Work to complete – What you return should be the full listing, word for word, without a single image.

Data extract –
◇ ◇ ◇ ◇ ◇ ◇ ◇
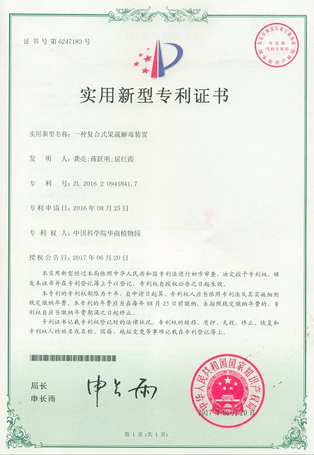 7月13日获悉,由中科院华南植物园龚亮等完成的“一种复合式果蔬解毒装置”获得国家实用新型专利授权(专利号:ZL 201620941841.7)。
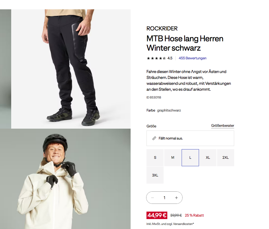 Die ROCKRIDER MTB Hose lang Herren Winter schwarz in Größen S - 3XL bekommt man im Laufe dieser Aktion für 44,99€ zzgl. 4,99€ Versand, Filialabholung ist versandkostenfrei.
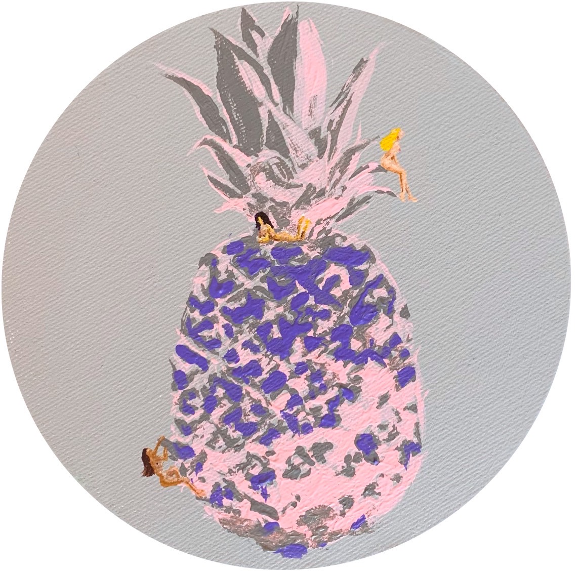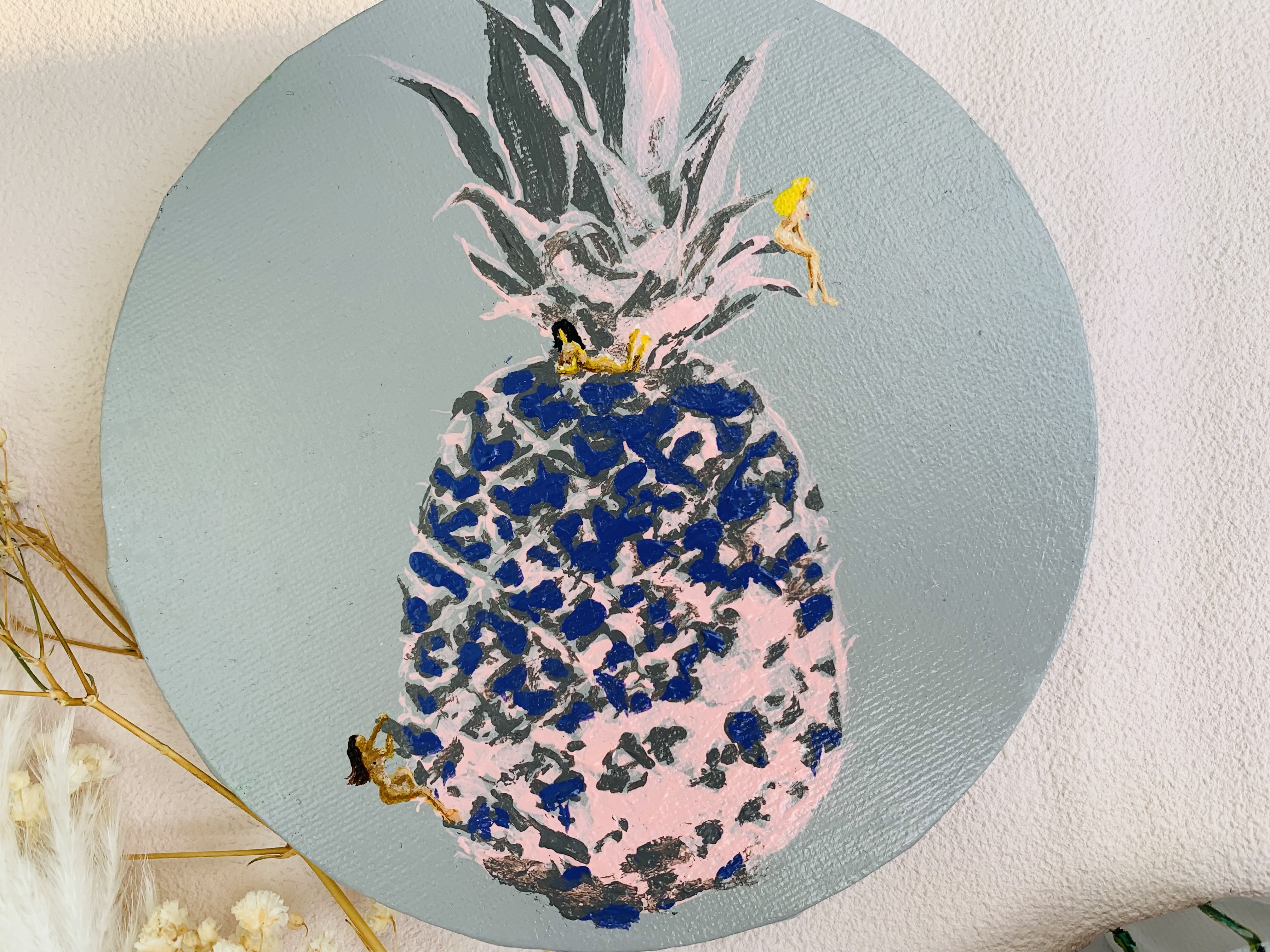 アクリル絵の具使用 額縁なし こちらは円形のキャンバスになります (直径15cm) 側面も着彩してあるので、そのまま飾っていただけます。 仕上げにワニスを使用しております。 こちらは原画となりますので、1点のみの販売です。 (送料込)
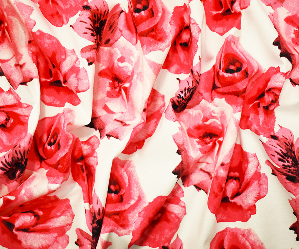 Pink-Off-White Cotton Stretch Spandex Floral Printed Poplin Woven Fabric
◇ ◇ ◇ ◇ ◇ ◇ ◇
Your response –
 7月13日获悉,由中科院华南植物园龚亮等完成的“一种复合式果蔬解毒装置”获得国家实用新型专利授权(专利号:ZL 201620941841.7)。
 Die ROCKRIDER MTB Hose lang Herren Winter schwarz in Größen S - 3XL bekommt man im Laufe dieser Aktion für 44,99€ zzgl. 4,99€ Versand, Filialabholung ist versandkostenfrei.
 アクリル絵の具使用 額縁なし こちらは円形のキャンバスになります (直径15cm) 側面も着彩してあるので、そのまま飾っていただけます。 仕上げにワニスを使用しております。 こちらは原画となりますので、1点のみの販売です。 (送料込)
 Pink-Off-White Cotton Stretch Spandex Floral Printed Poplin Woven Fabric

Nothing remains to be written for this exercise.